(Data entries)
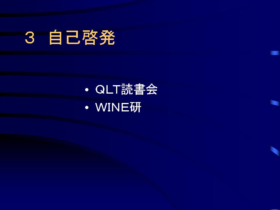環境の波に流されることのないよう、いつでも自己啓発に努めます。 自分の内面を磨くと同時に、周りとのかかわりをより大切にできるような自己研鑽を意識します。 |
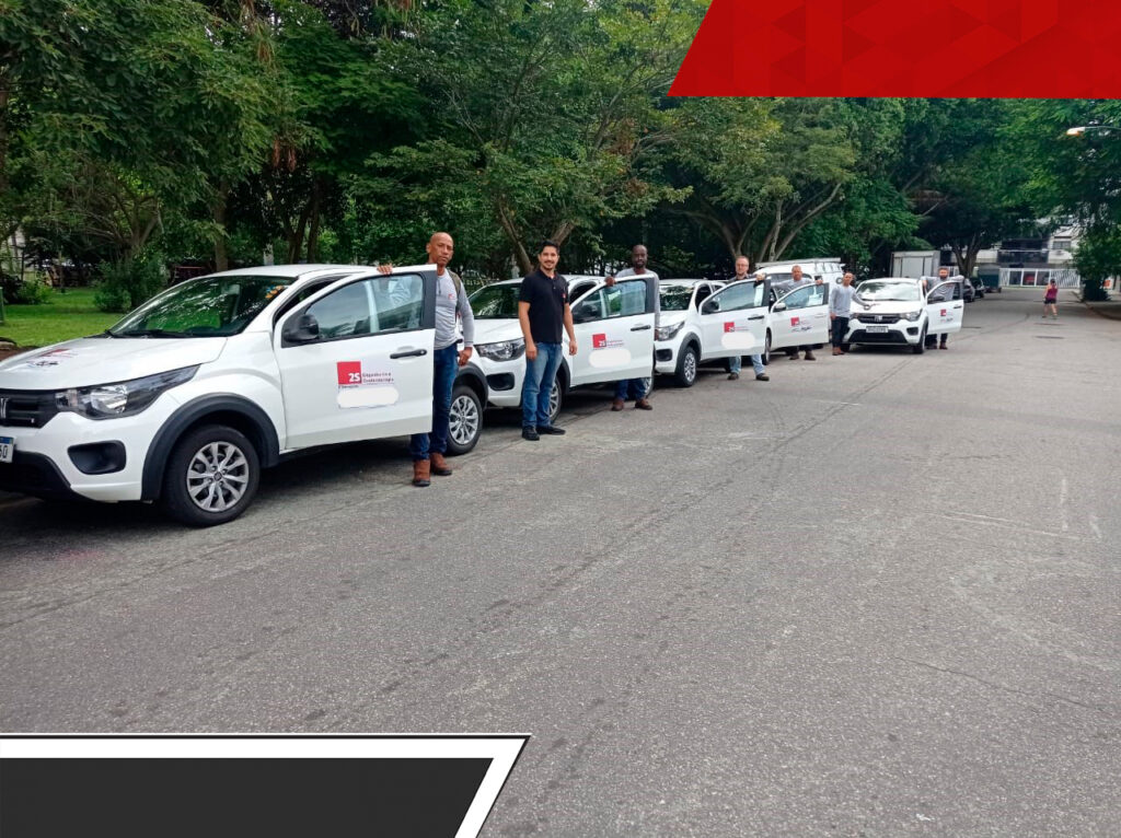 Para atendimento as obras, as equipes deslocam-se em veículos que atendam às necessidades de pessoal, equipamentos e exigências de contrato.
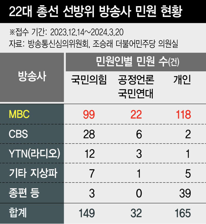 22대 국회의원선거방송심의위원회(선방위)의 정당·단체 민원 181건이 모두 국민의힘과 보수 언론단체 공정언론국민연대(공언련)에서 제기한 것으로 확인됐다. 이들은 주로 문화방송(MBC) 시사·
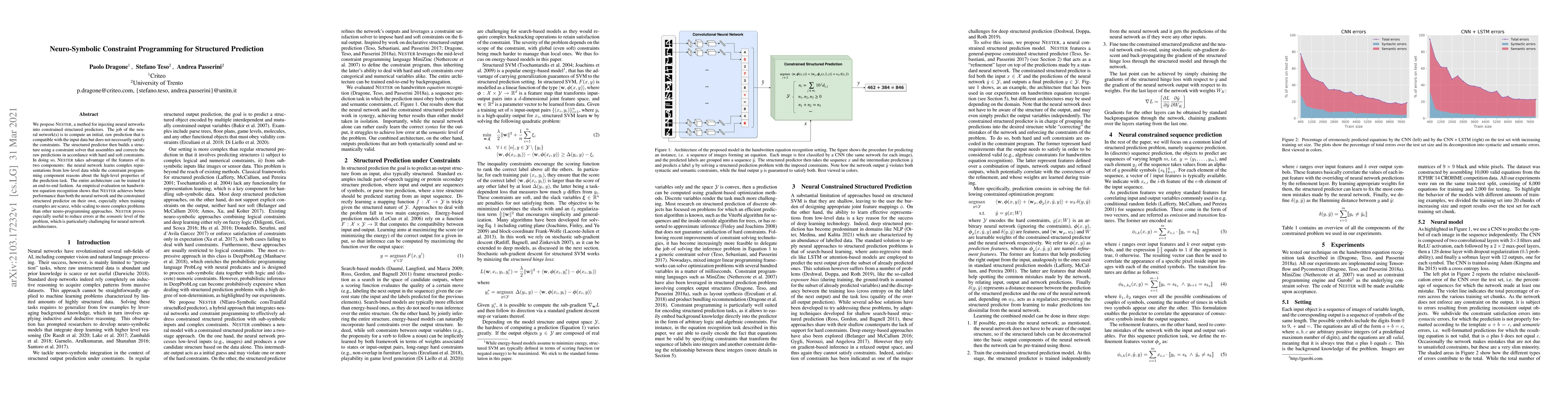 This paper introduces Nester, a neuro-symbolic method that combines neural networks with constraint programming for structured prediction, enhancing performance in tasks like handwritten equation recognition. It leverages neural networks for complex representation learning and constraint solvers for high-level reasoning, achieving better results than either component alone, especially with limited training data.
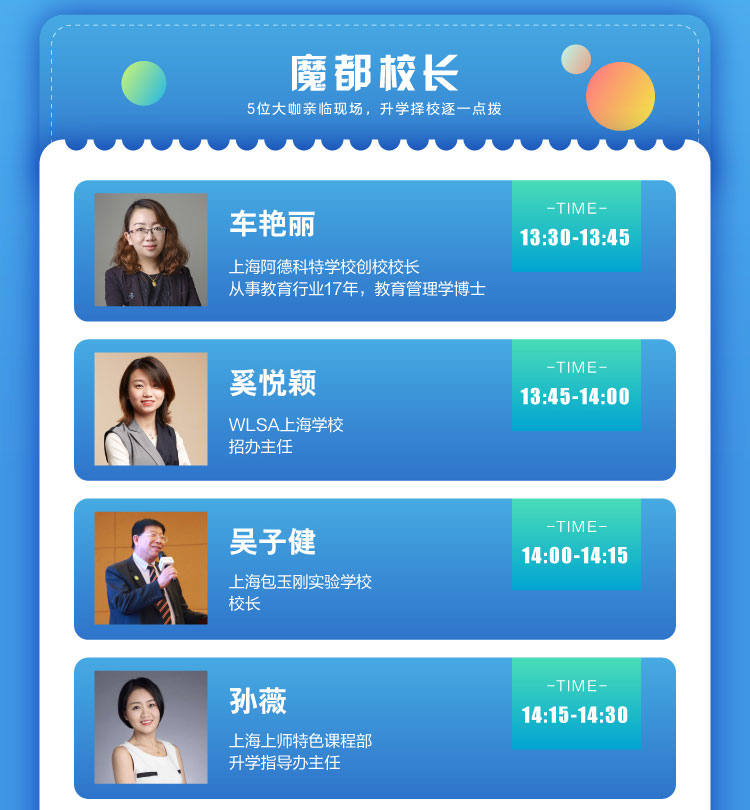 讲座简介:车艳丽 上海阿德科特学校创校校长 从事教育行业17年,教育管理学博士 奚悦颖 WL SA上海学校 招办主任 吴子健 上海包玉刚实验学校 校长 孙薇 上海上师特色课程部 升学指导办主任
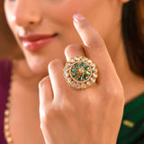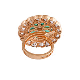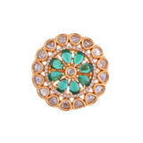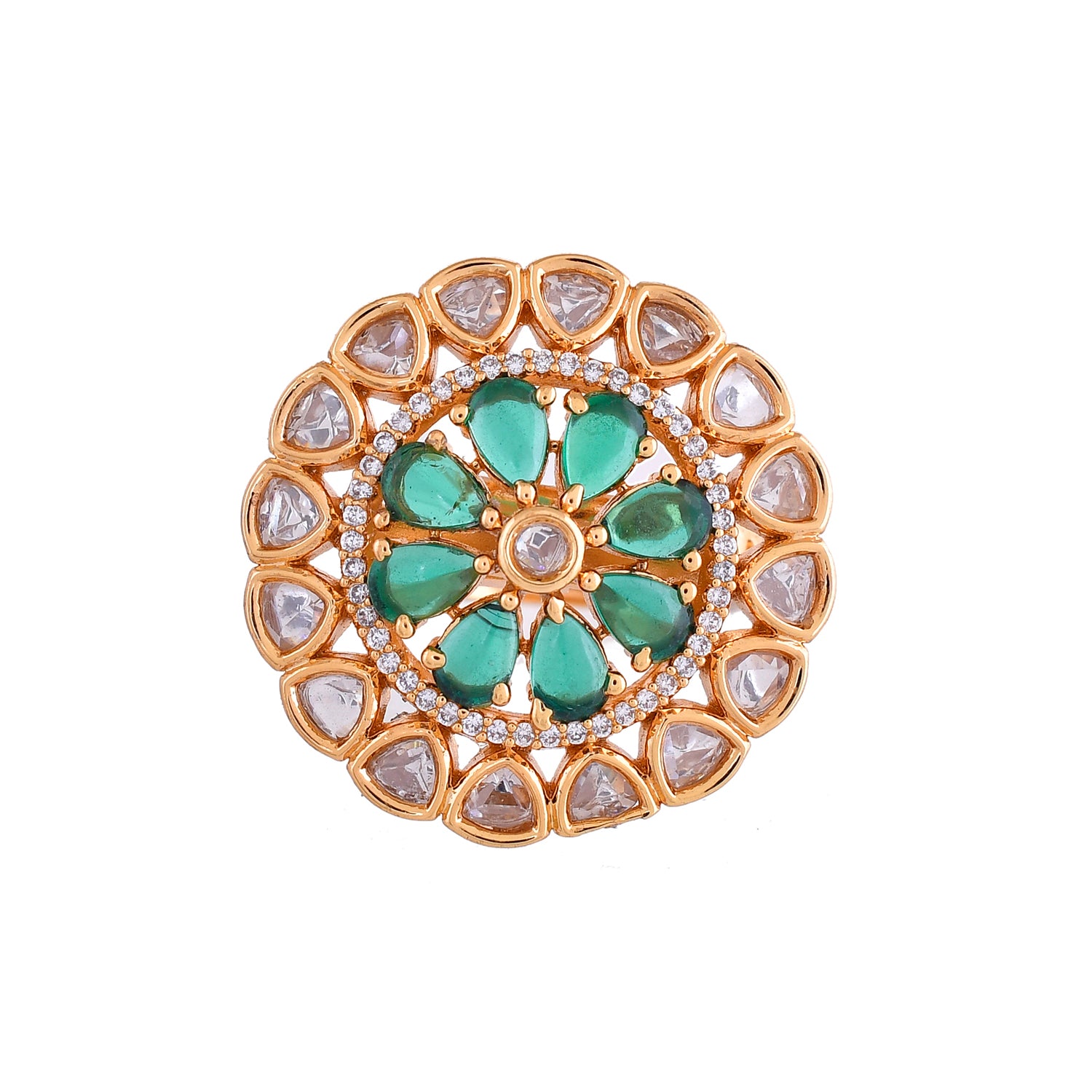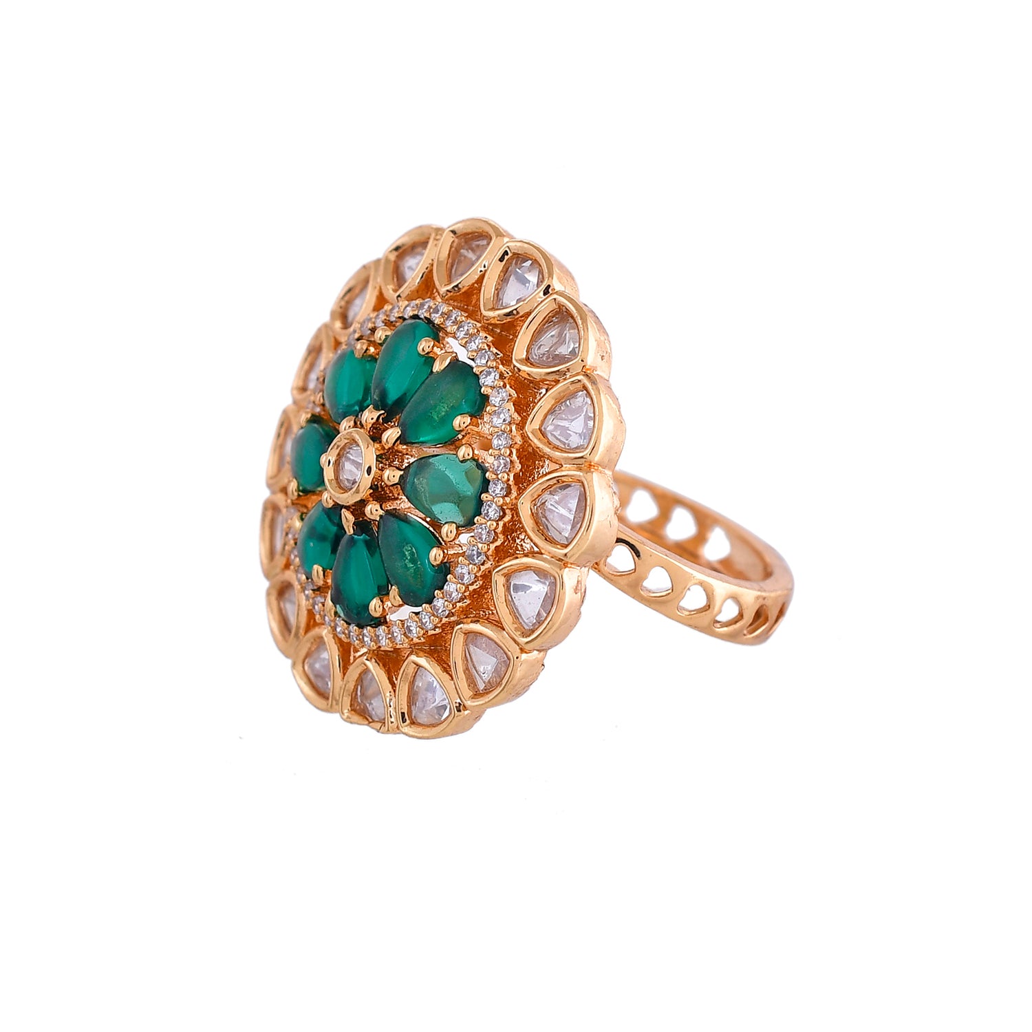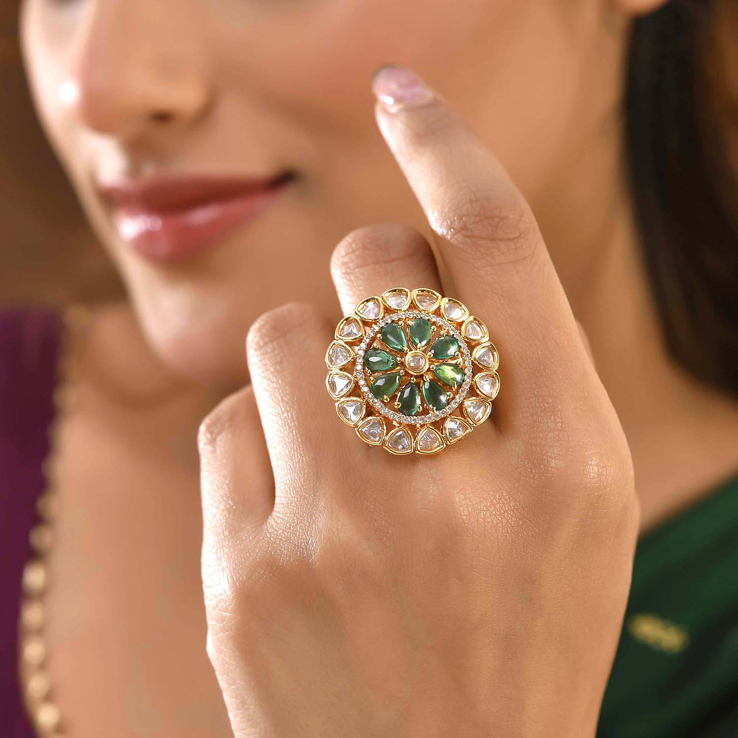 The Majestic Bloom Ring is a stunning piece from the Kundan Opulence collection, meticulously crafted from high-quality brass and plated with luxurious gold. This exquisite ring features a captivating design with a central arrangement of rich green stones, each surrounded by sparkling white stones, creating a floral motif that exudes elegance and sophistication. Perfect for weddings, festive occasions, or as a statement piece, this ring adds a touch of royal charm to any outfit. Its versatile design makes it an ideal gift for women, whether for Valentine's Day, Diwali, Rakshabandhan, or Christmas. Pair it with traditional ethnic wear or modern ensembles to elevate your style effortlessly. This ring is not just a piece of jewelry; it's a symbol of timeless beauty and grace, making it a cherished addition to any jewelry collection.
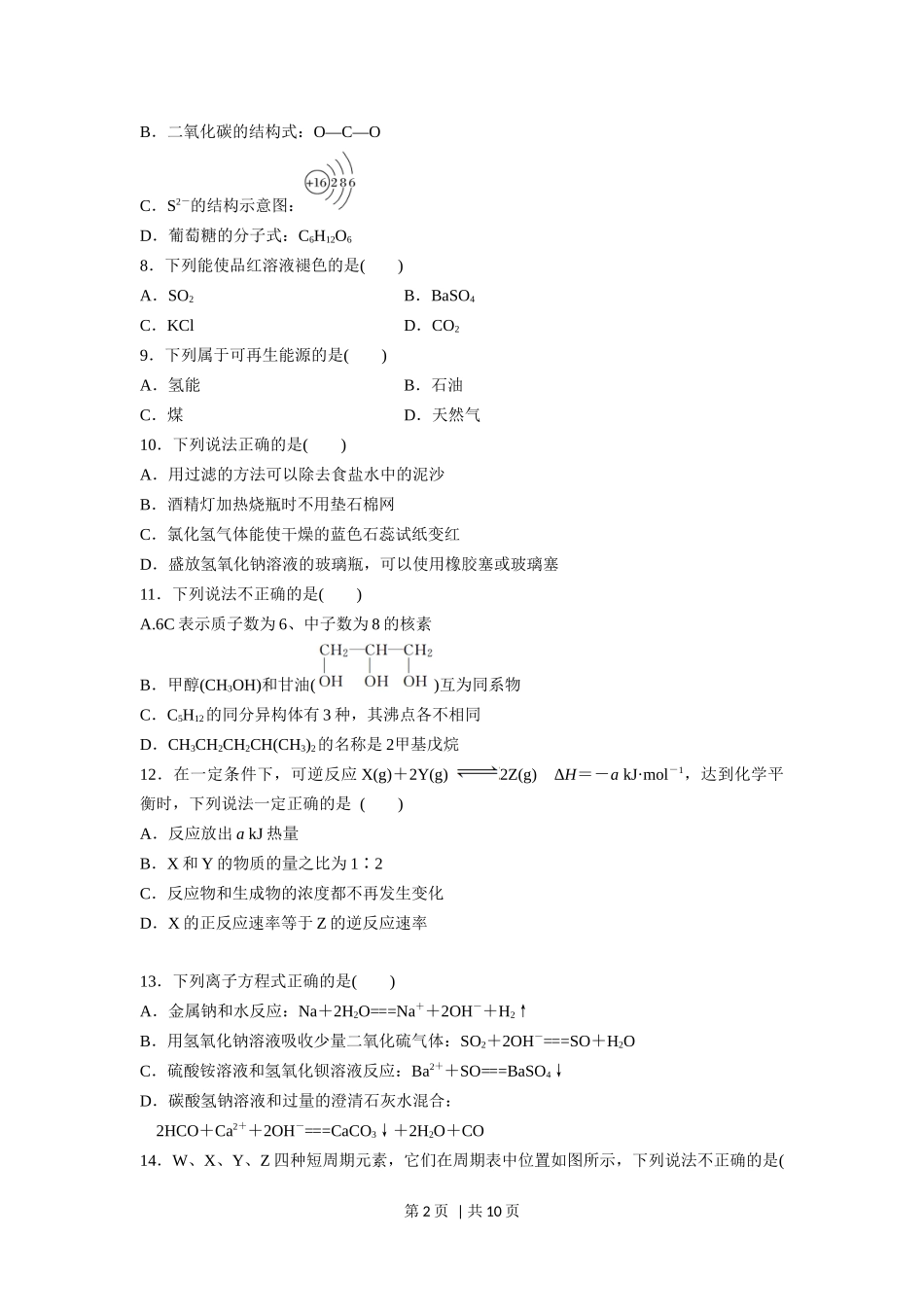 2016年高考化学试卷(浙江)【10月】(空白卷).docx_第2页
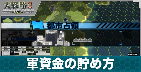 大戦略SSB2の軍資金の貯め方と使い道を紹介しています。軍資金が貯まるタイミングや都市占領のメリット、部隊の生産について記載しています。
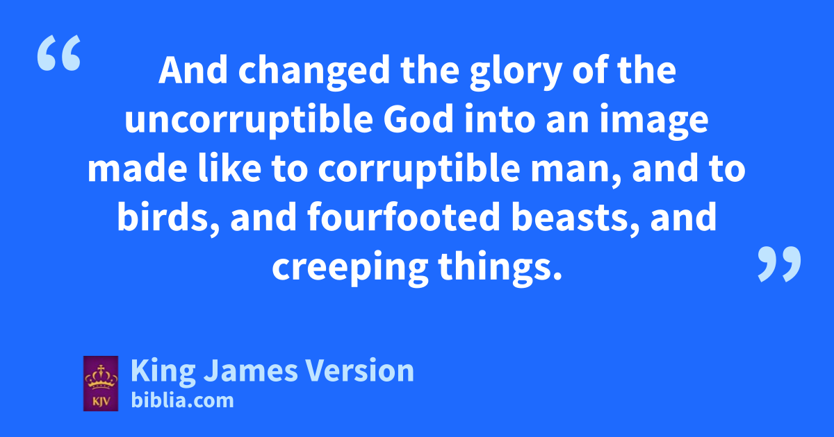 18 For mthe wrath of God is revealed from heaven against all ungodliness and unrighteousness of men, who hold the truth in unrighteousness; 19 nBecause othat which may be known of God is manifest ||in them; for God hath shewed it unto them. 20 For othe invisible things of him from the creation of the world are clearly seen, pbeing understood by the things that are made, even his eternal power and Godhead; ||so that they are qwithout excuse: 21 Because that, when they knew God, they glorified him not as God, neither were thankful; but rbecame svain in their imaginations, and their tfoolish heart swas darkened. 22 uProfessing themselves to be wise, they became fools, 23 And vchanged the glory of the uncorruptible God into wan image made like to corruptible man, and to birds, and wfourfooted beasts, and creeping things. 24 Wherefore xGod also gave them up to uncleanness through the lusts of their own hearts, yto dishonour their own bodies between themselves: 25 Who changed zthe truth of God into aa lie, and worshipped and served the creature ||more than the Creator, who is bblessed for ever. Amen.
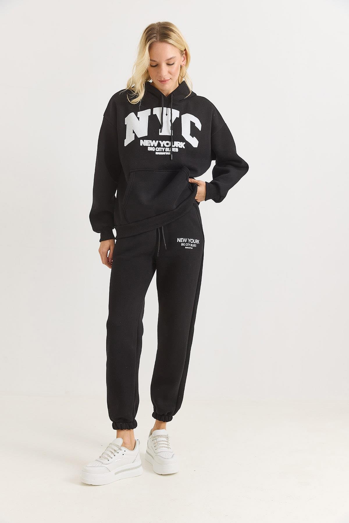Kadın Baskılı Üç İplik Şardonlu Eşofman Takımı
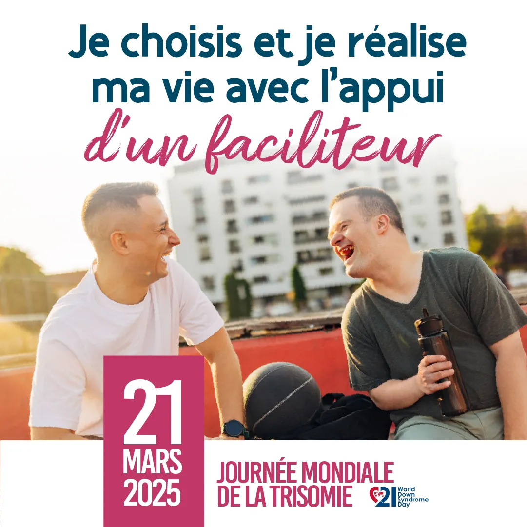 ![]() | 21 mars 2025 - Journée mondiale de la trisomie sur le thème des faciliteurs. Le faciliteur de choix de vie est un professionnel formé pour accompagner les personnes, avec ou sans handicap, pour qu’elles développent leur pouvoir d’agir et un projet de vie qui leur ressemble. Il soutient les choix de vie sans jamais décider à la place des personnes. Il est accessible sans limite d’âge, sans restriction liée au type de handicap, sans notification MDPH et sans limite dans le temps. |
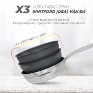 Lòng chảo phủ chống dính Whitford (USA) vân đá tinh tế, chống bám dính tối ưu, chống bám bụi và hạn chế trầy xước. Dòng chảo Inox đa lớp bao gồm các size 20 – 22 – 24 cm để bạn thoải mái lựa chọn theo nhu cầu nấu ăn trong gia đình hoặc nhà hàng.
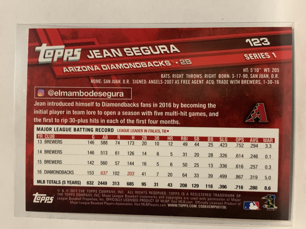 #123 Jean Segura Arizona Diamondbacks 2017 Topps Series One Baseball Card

» **Work required**
Return exactly the lines of the data, beginning with the first and ending with the line containing "22대 국회의원선거방송심의위원회(선방위)의 정당·단체". Skip the pictures.

» **Problem solution**
環境の波に流されることのないよう、いつでも自己啓発に努めます。 自分の内面を磨くと同時に、周りとのかかわりをより大切にできるような自己研鑽を意識します。 |
 Para atendimento as obras, as equipes deslocam-se em veículos que atendam às necessidades de pessoal, equipamentos e exigências de contrato.
 22대 국회의원선거방송심의위원회(선방위)의 정당·단체 민원 181건이 모두 국민의힘과 보수 언론단체 공정언론국민연대(공언련)에서 제기한 것으로 확인됐다. 이들은 주로 문화방송(MBC) 시사·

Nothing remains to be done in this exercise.